The movie A PROMISING YOUNG WOMAN (written by Emerald Fennell) was very upsetting for me and I walked out at the middle of it. I felt a sense of inner disgust at the way the woman “Cassie” is after vengeance against all young men. Here the victim and the vigilante collapse into a single entity or confluence and it is an overly complex story. As I left the movie theater, I had a flash in my mind about how similar the theme seemed to the old Westerns where the good (hero) cowboy is taking vengeance on several “bad guys” who killed his friends. He stalks them and kills them all.

But vengeance (male or female) is a place where a ‘fractured’ mind goes when it is striving to stay whole (sane). But in many cultures, revenge means ‘doing something’ right and justifiable.

While reading several reviews to find out the end of the movie, I found this description:

Much has been made about the film’s ending, the final way in which “Promising Young Woman” sets itself apart from its lineage. Cassie infiltrates the bachelor party of Nina’s rapist disguised as a stripper. She ties him up, tells him what she knows, tries to get him to admit to what he has done, and threatens to cut Nina’s name into his skin. He breaks free of his restraints and smothers Cassie with a pillow. It takes an agonizingly long time for her to die. It is as brutal as watching the rape we’ve never been witness to.”

Now, this is an amazing topic for a serious discussion, and I am inviting my male friends to meet and share freely their opinions and feelings about the movie. I am asking my friends to be open and free to keep the door of rational debate and do not enter a place that journalists call  “the cancel culture”. where all rational open sharing is quickly judged, and the blame is usually put on the men.

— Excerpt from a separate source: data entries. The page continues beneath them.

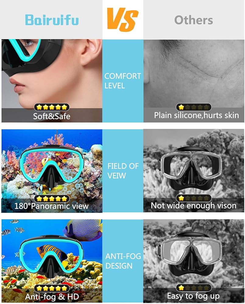 【زيادة عرض الرؤية بنسبة 25%】تزيد المرآة الزجاجية المقواة ذات المساحة الكبيرة، عالية الوضوح، من عرض الرؤية بنسبة 25%، مما يوفر تجربة بصرية أكثر مثالية تحت الماء.
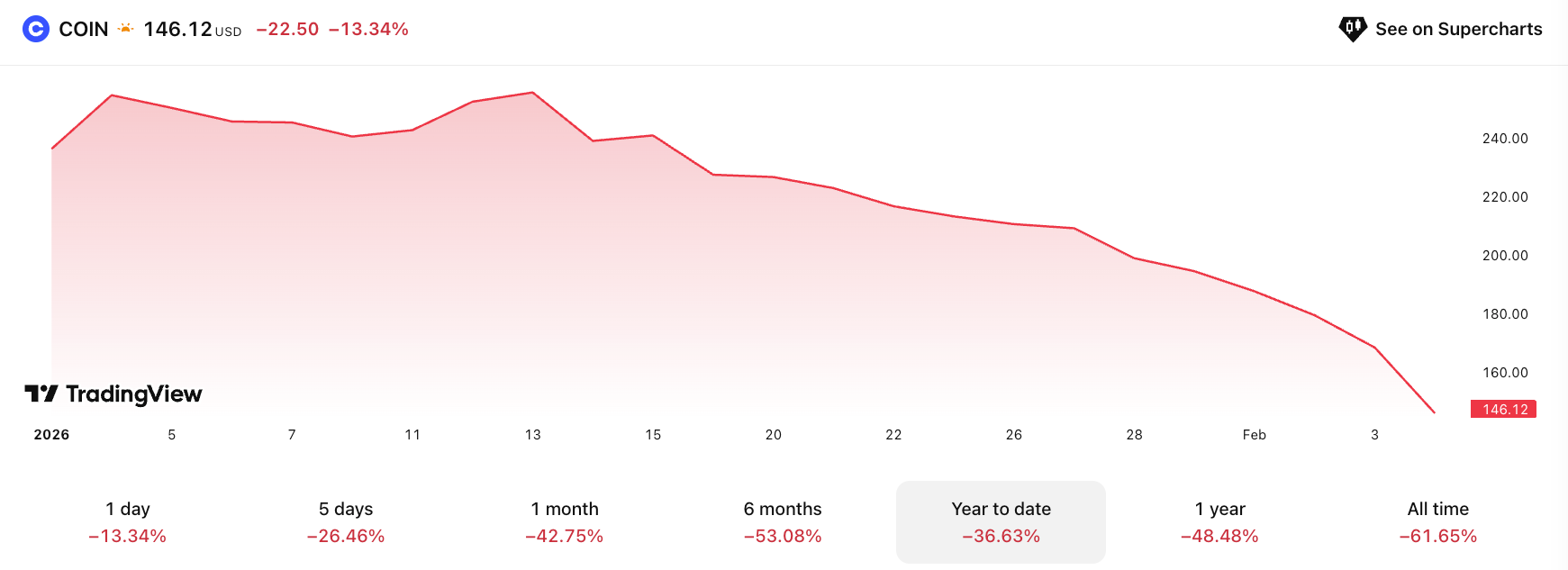 С момента дебюта на бирже в апреле 2021 года акции Coinbase подешевели примерно на 60% — с цены открытия $381, по данным Nasdaq.
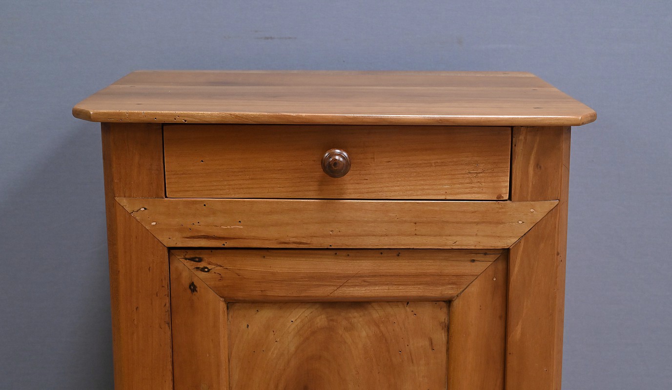 Ce chevet en merisier massif, datant du début du XXe siècle, séduit par son authenticité. Il s’ouvre par un tiroir en ceinture doté d’un bouton en bois tourné. Sous ce dernier, une porte garnie d’un panneau entouré d’un cadre à coupe d’onglet est munie d’un bouton de tirage en bois tourné assorti qui complète harmonieusement l’ensemble. Son intérieur intègre une étagère pour un rangement optimisé. Les montants à pans coupés discrets, renforcent son allure structurée, tandis que la plinthe moulurée apporte une finition épurée. L’ensemble repose sur des pieds dit console, lui conférant stabilité et élégance.
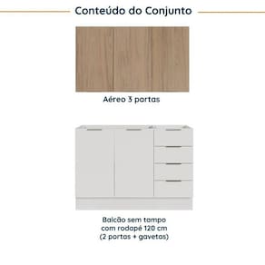 Informação Complementar: 1x Armário Aéreo 3 Portas 120cm Puxador 150mm Ipanema Acácia/Branco
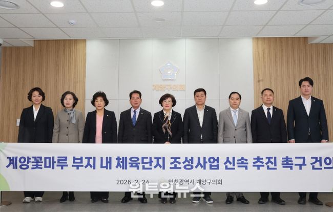 (원투원뉴스) 인천광역시 계양구의회 조양희 의원(더불어민주당, 다 선거구)이 대표 발의한 '계양꽃마루 부지 내 체육단지 조성사업 신속 추진 촉구 건의안'이 제264회 임시회 제1차 본회의에서 채택됐다.

Young men, in my experience, are frightened to express themselves freely for fear of being castigated and blamed for injuring women. Many young men retire to their mobiles and stay quiet.

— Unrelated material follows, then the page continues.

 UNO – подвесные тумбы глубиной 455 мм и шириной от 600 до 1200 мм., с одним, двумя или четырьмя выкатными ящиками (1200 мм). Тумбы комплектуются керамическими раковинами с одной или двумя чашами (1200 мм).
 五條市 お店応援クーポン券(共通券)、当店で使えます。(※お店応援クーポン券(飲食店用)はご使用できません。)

As I followed my own intuition regarding the origin of the movie script and as I read the interview with the writer published in the VULTURE (www.vulture.com),where the author, Emerald Fennell, states that she loved old cowboy movies – YES! I thought, here is the source of her script. A hero cowboy now converted in the girl Cassey, is on a rampage to avenge the killing of his friend and goes and kills all the bandidos (bad guys). Therefore, I am seeing a ‘cancel culture” model emerging in the movie where the hero is a woman, and the young men are the bad guys. As Gemma Tognini states in her newspaper article: “The mob does not always dress in black and wear dark glasses, and carry knives or guns, the mob also wear suits and dresses, and are everywhere.” So, my readers, here is the challenge – speak up and write your comments - and here is a question:

As viewers, we have our own questions to ask. Do filmmakers owe us realistic portrayals of rape and its aftermath, or may we take pleasure in revenge fantasies, in which real-life obstacles are cast aside?